Trekking La Paz

Originally published on April 14, 2016 on the Where There Be Dragons “Field Notes Board” at https://www.wheretherebedragons.com/blog/trekking-la-paz/

Image from http://www.imgmob.net/la-paz.html

From the bus station in La Paz we expected to take cabs straight to the hostel. The drivers, however, deposited us on a busy corner by the market to lug our human-sized packs up the dynamic cobblestones of La Paz in an effort to avoid a street-blocking protest. The next day on the Prado we found ourselves ambling between fully equipped police officers complete with leather gloves and aviator sunglasses and multigenerational rows of seated civilians lining the sidewalks. I’m told this introduction to La Paz is a staple of the city.

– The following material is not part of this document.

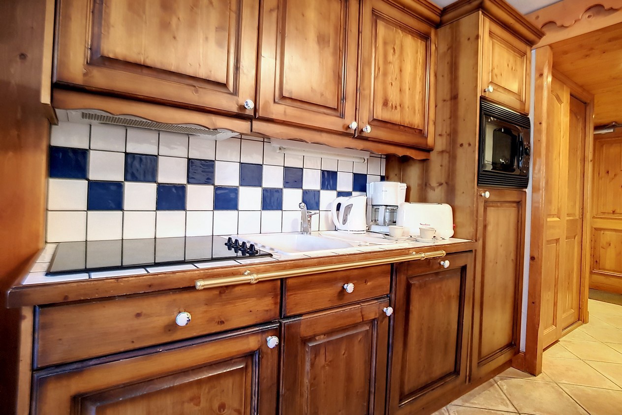 Cuisine équipée ouverte sur séjour : réfrigérateur, 4 plaques vitrocéramiques, combiné four / micro-ondes, lave-vaisselle, cafetière, grille-pain, bouilloire électrique.

Beyond the 10 or so blocks dedicated to sweaters and souvenirs, the streets seethe with local activity. La Paz is famous for its activism, and indigenous El Alto occupying the horizon adds to the legacy of continual reclamation of the people’s power. El Alto and La Paz are connected by a 15-minute teleférico ride through the sky and seemingly the winding staircases with houses at each landing whose length I didn’t register until I gasped at the 13,000-ft air on my way back up. All sides climb up and away from La Paz, reddish-brown houses forming a giant bowl dotted with cliffs and rock faces upon which more houses perch.

From the teleférico this is the biggest city in the world. Tall boxes with rectangular windows extend further than my comprehension allows and even the mountains — one blue and glaciated and the others brown, green and rolling into sharp peaks — are encompassed by the vast urbanity. Within the expanse, I stroll up steep hills with narrow sidewalks just wide enough to accidentally make contact with the butt of the woman passing by as it intrudes into my arm-swinging space that was never really mine.

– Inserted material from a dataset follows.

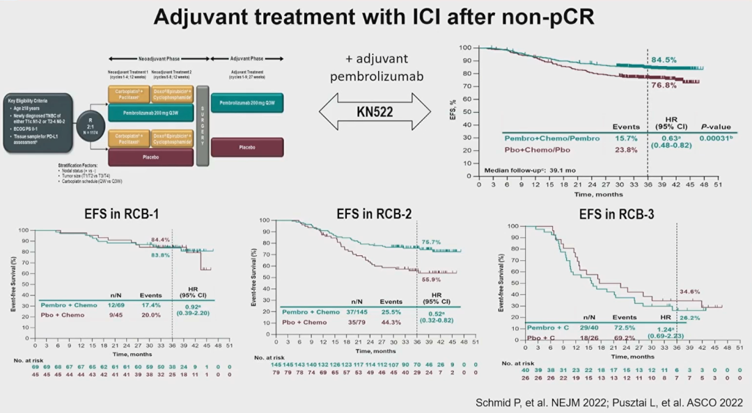 KN522研究表明,non-pCR患者应用pembrolizumab辅助治疗可改善生存,不同RCB亚组的获益提示,或可在特定人群中进行升阶治疗。

La Paz is a friendly city. Young faces are lively and abundant and old ones lead the sit-ins, chewing coca and conversing in Aymara or Quechua with their tall hats and wide skirts. Vacant platforms sprout breakdancing rounds when the sun fades and two girls linger in an extended hug in the center of the cement dance floor. Much of Cusco, crawling with tourists and bars and Westernization, felt like a plastic front propped up to meet foreign expectations of authentic yet accessible, easy culture, like the cardboard town in Blazing Saddles or a carnival-style photo op. Cusco was beautiful, fun, and perfect for recharging. But besides perhaps the souvenir shops and absurd amounts of the same jewelry, La Paz doesn’t feel like it’s just here for me. It has its own life. I’m just lucky enough to hop in.

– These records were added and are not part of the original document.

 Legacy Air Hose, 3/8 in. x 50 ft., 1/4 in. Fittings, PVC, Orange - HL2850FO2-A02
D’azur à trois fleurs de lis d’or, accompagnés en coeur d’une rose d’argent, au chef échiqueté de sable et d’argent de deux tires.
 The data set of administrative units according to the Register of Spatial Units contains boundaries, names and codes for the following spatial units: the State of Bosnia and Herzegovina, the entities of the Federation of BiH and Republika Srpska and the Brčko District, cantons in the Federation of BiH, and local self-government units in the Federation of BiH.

As I contemplate returning ‘home’ to Tiquipaya, and our short exposure to Huacaria in the jungle and Q’eros in the high Andes, the urban-rural divide becomes more present in my consciousness. I notice it when I wander through trendy coffee shops and gaze out over an impressive open-air amphitheatre. I find myself thinking, “yeah, I could live here” when I haven’t really felt it elsewhere. I feel a slight pang and a little let down by my own self when I realize this modernized, “cleaner” lifestyle might only be more appealing because it’s more familiar and comfortable. Simultaneously, I catch glances of tin roofs and dirt floors on the slopes of the city, and I certainly felt some home-like tugs in the spongy mountains of Q’eros. Maybe I’m just learning to leave a tiny chunk of me in exchange for a shard of each new horizon.